• THE TASK:
From the first line of the data below through the line holding "Abgasnorm EURO 6, Achskonfiguration: 6x2, Actros", output each line exactly and leave the pictures out.

• DATASET SECTION:
▬▬▬▬▬▬▬▬▬▬
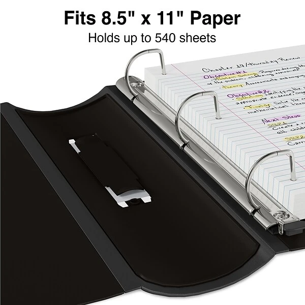 Secure unpunched papers with this Staples Better 2-inch three-ring view binder. This binder is made with nonstick archive-safe material that doesn’t lift toner from printed pages to keep papers looking clean and professional, while the 2-inch rings let you store up to 540 sheets. This Staples Better 2-inch three-ring view binder is made with a heavy chipboard and premium vinyl, making it reliably sturdy. Durable Exterior – Each 2-inch Staples Better view binder begins with a heavy-duty material that’s both rigid and lightweight. This material is then machine sealed inside a layer of nonstick premium vinyl, with special attention given.
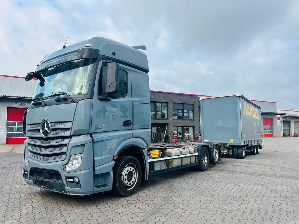 Abgasnorm EURO 6, Achskonfiguration: 6x2, Actros 4, Anhängerbremse 2 - Leitung, Anschlüsse links, Anhängersteckdose 24V / 15-polig, Außenspiegel elektr. verstell- und heizbar, Differentialsperre Hinterachse, Druckluftbehälter Stahl, Fahrerhaus: L BigSpace, Federung: Luft / Luft (Volluft), Fensterheber elektrisch, Frontscheibe getönt, Generator 100 A, Getriebe 12-Gang - Typ: G 211-12, Hinterachse Tellerrad 440, Karosserie/Aufbau: Fahrgestell, Komfortliege unten, Komfortschließanlage, Kommunikationsschnittstelle, Kühlerjalousie, Lenkhelfpumpe geregelt, Lifteinrichtung Nachlaufachse, Motor 12,8 Ltr. - 330 kW R6 Diesel (OM 471), Motorbremse, Motorraum-Kapselung, Nachlaufachse einzelbereift, Rampenspiegel, Restwärmeausnutzung, Scheibenbremsen Vorder- und Hinterachse, Sitzbezug / Polsterung: Stoff, Sitze im Fahrerhaus: Beifahrerfunktionssitz, Sitze im Fahrerhaus: Fahrersitzlehne umklappbar, Spannungswandler 24V / 12V 10 A, Spritzschutz vorn, Stabilisator Vorderachse, Stabilisator zusätzlich, Hinterachse / Nachlaufachse, Stauklappe außen links, Steckdose Fahrerhaus 24V, Tachograph / EG-Kontrollgerät, Türverlängerung für Fahrerhaus, Unterbodenverkleidung aerodynamisch geformt, Unterfahrschutz vorn, Vorbereitung Mauterfassung, Vorderachse gekröpft, Wasserpumpe geregelt, Zul. Gesamtgewicht 25,00 t, Zusatzheizung (Wasser)
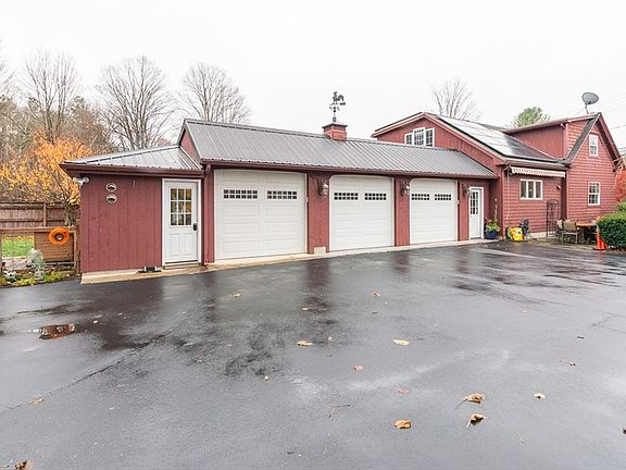 This captivating Cape perfectly melds country charm w/ updates! Knotty pine shines throughout—from wide plank floors to exposed timber beams & wood ceilings. The kitchen w/ center island flows into the dining room & living room, creating an inviting main-level gathering space. Desirable 1st floor features also include a primary suite accented with cathedral ceilings & private bath as well as a guest half bath & laundry closet. Upstairs, find another primary bedroom w/ private suite along w/ 2 additional bedrooms & a full bath. The heated, insulated 3-car garage includes a workshop w/ woodstove & 2 entry points. Transferable leased solar, new HVAC, & heat pump mini-split provide energy efficiency. Outside, enjoy a fenced yard, patio, perennials, storage shed & ample off-street parking. Character, comfort, & space to spare w/ a partially finished basement as well! Stop by & see this country charmer!
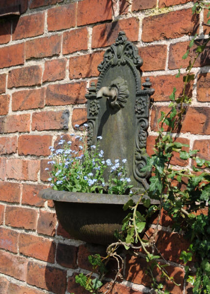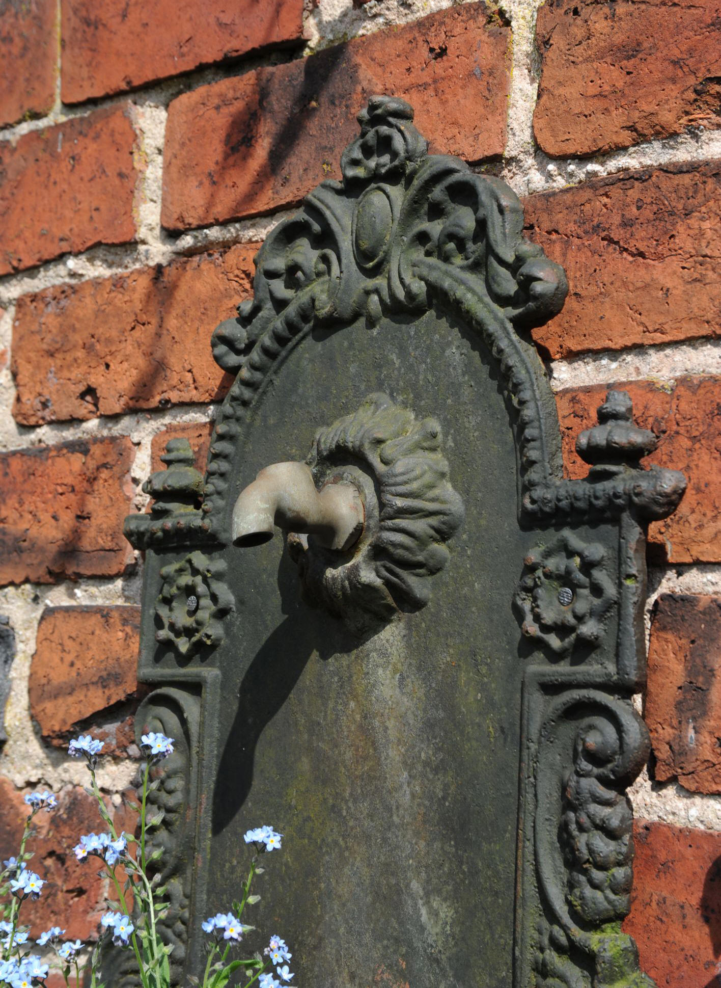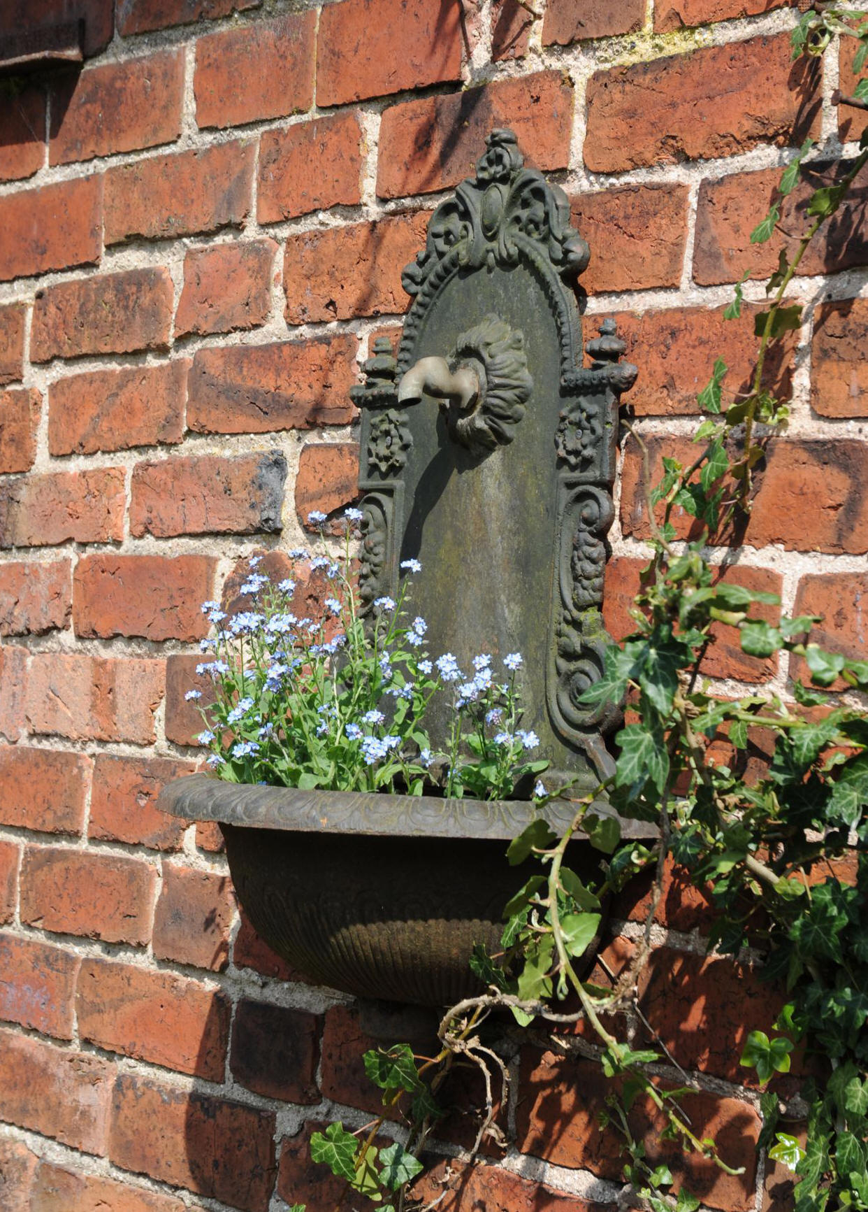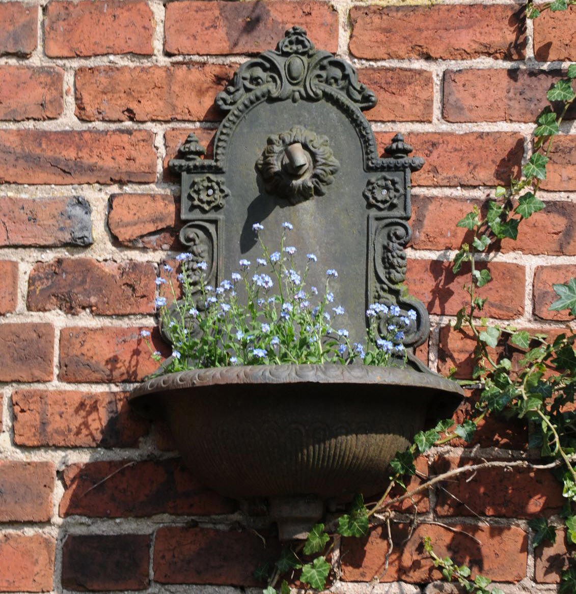 A lovely antique/vintage cast iron wall fountain, old paint with rust and remains of a brass tap. 67cm H, 43 W, 22 D.
▬▬▬▬▬▬▬▬▬▬
• EXERCISE RESULT:
 Secure unpunched papers with this Staples Better 2-inch three-ring view binder. This binder is made with nonstick archive-safe material that doesn’t lift toner from printed pages to keep papers looking clean and professional, while the 2-inch rings let you store up to 540 sheets. This Staples Better 2-inch three-ring view binder is made with a heavy chipboard and premium vinyl, making it reliably sturdy. Durable Exterior – Each 2-inch Staples Better view binder begins with a heavy-duty material that’s both rigid and lightweight. This material is then machine sealed inside a layer of nonstick premium vinyl, with special attention given.
 Abgasnorm EURO 6, Achskonfiguration: 6x2, Actros 4, Anhängerbremse 2 - Leitung, Anschlüsse links, Anhängersteckdose 24V / 15-polig, Außenspiegel elektr. verstell- und heizbar, Differentialsperre Hinterachse, Druckluftbehälter Stahl, Fahrerhaus: L BigSpace, Federung: Luft / Luft (Volluft), Fensterheber elektrisch, Frontscheibe getönt, Generator 100 A, Getriebe 12-Gang - Typ: G 211-12, Hinterachse Tellerrad 440, Karosserie/Aufbau: Fahrgestell, Komfortliege unten, Komfortschließanlage, Kommunikationsschnittstelle, Kühlerjalousie, Lenkhelfpumpe geregelt, Lifteinrichtung Nachlaufachse, Motor 12,8 Ltr. - 330 kW R6 Diesel (OM 471), Motorbremse, Motorraum-Kapselung, Nachlaufachse einzelbereift, Rampenspiegel, Restwärmeausnutzung, Scheibenbremsen Vorder- und Hinterachse, Sitzbezug / Polsterung: Stoff, Sitze im Fahrerhaus: Beifahrerfunktionssitz, Sitze im Fahrerhaus: Fahrersitzlehne umklappbar, Spannungswandler 24V / 12V 10 A, Spritzschutz vorn, Stabilisator Vorderachse, Stabilisator zusätzlich, Hinterachse / Nachlaufachse, Stauklappe außen links, Steckdose Fahrerhaus 24V, Tachograph / EG-Kontrollgerät, Türverlängerung für Fahrerhaus, Unterbodenverkleidung aerodynamisch geformt, Unterfahrschutz vorn, Vorbereitung Mauterfassung, Vorderachse gekröpft, Wasserpumpe geregelt, Zul. Gesamtgewicht 25,00 t, Zusatzheizung (Wasser)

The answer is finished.